Backing the Brand states that a successful brand can

  • differentiate a product or service
  • enhance a product’s competitiveness
  • influence the price-elasticity of demand
  • ease the introduction of new products and services
  • create customer recognition and loyalty
  • enhance leverage over upstream and downstream supply chain partners
  • create long term shareholder value

In addition, it states that even though procurement and supply chain may not always dictate a successful advantage on their own, it is clear that differentiation and customer retention might be impaired if they are not aligned with marketing and brand strategies and that only those organizations that can institutionalize continuous cross-functional implementation of a linked brand and sourcing strategy are likely to be successful in the future.

The article then goes on to offer five steps to successful alignment, as well as three case studies of organizations that have succeeded in successfully linking procurement and marketing and three organizations that have failed, but like other articles extolling the virtues of a procurement and marketing partnership, it skips over the simple first steps to success.

That’s where the article Wising up to Marketing Costs comes into play.
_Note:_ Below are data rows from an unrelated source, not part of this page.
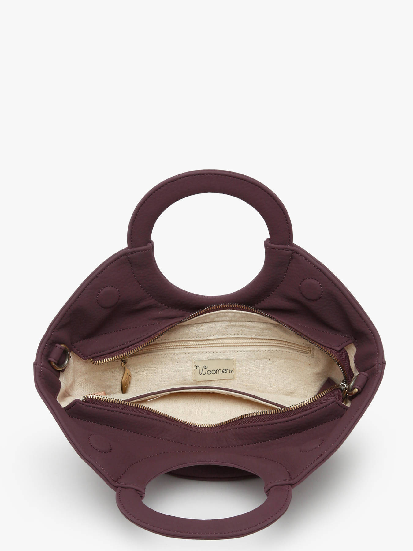 The WOOMEN crossbody bag from the NEFLIER line, in a small format with an innovative design, is made of grained polyurethane composed of 58% recycled materials with a cotton and linen lining. It closes with a zip and magnet and features an adjustable, removable strap for carrying by hand or as a crossbody. Its refined golden W resin logo adds an elegant and modern touch to this trendy and responsible accessory.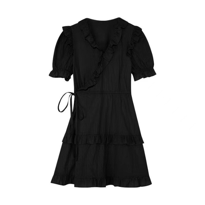 프랑스 V 넥 블랙 원피스 여성 2024 봄과 여름 새로운 디자인 센스 틈새 우아한 헵번 스타일 작은 검은 원피스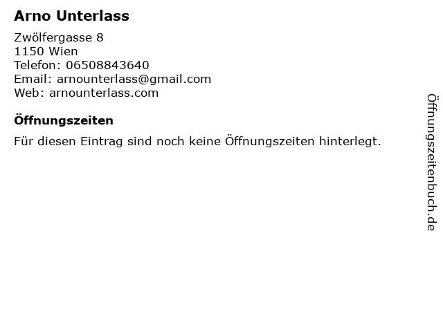 | Öffnungszeiten Arno Unterlass in Wien anzeigen | |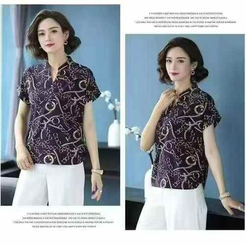 夏季新款时尚洋气中年妈妈气质印花雪纺衫,独立包装,码数L--3XL码,597件...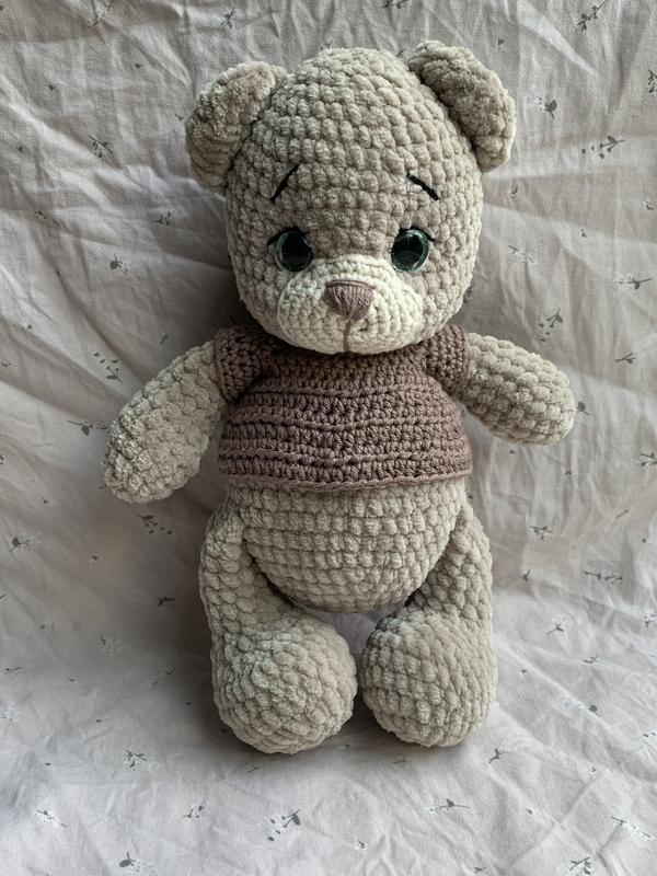 Вʼязаний ведмедик. Из гипоаллергенной пряжи (плюш) Глаза на безопасном креплении Наповнювач холлофайбер Рост игрушки 24 см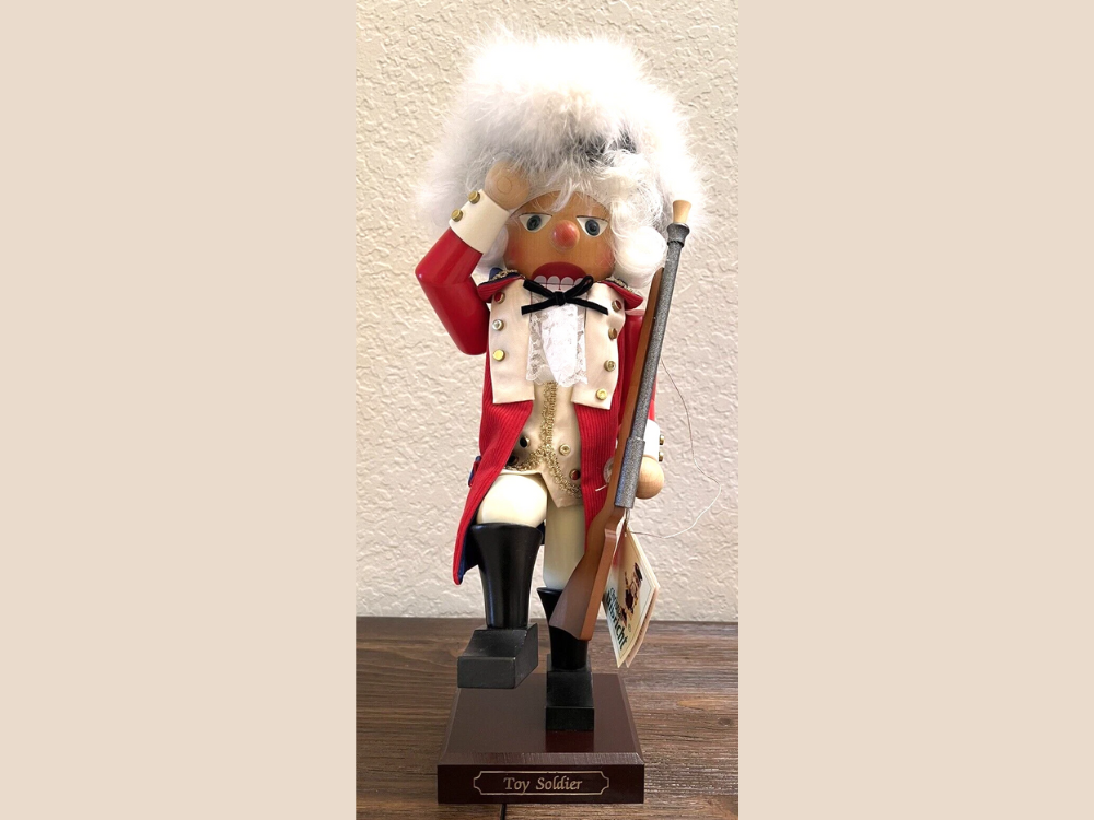 The wood holds colors that remain rich after many years. Collectors treasure how he stands with a proud expression. His size makes him a key piece in a display. Steinbach figures are appreciated for their lively looks. He feels at home among wreaths and ribbons.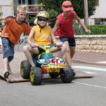 Virgile aimerait beaucoup y participer cette année et j’ai pour mission de fabriquer un véhicule qui permette un départ « champignon ». Bref, il faut que je m’y attelle mais avec tous ces chantiers en cours, j’ai bien du mal à même rassembler les pièces pour monter un tel bolide. Sans compter qu’il faut un temps fou pour en construire un j’imagine. Bon, le but est bien entendu d’arriver premier pour Virgile, alors j’ai pas droit à la faute. Mais comment et où trouver les pièces pour ça ? roues, essieu, chassis, direction, … Je ne manque pas d’inspiration avec les photos de cet article, mais n’ayant même pas de fer à souder, c’est pas le top…Alors je lance un appel aux lecteurs proches kilométriquement, si quelqun a des pièces qui me permettraient de fabriquer un ORNI, je suis plus que preneur, en échange, la personne aura le droit de venir travailler sur nos chantiers quand elle voudra :o)

It describes how your procurement department can make use of a category specialist model for buying and outsource acquisition of marketing categories such as print management that not only costs large organizations millions of dollars annually, but often costs those same organizations in excess of a million dollars of unnecessary spend. It also describes how the deployment of eProcurement solutions can save you money while giving Marketing the speed and flexibility they require.

So Back the Brand – and be the only department in your organization to have a double impact on the balance sheet. Make Charles proud.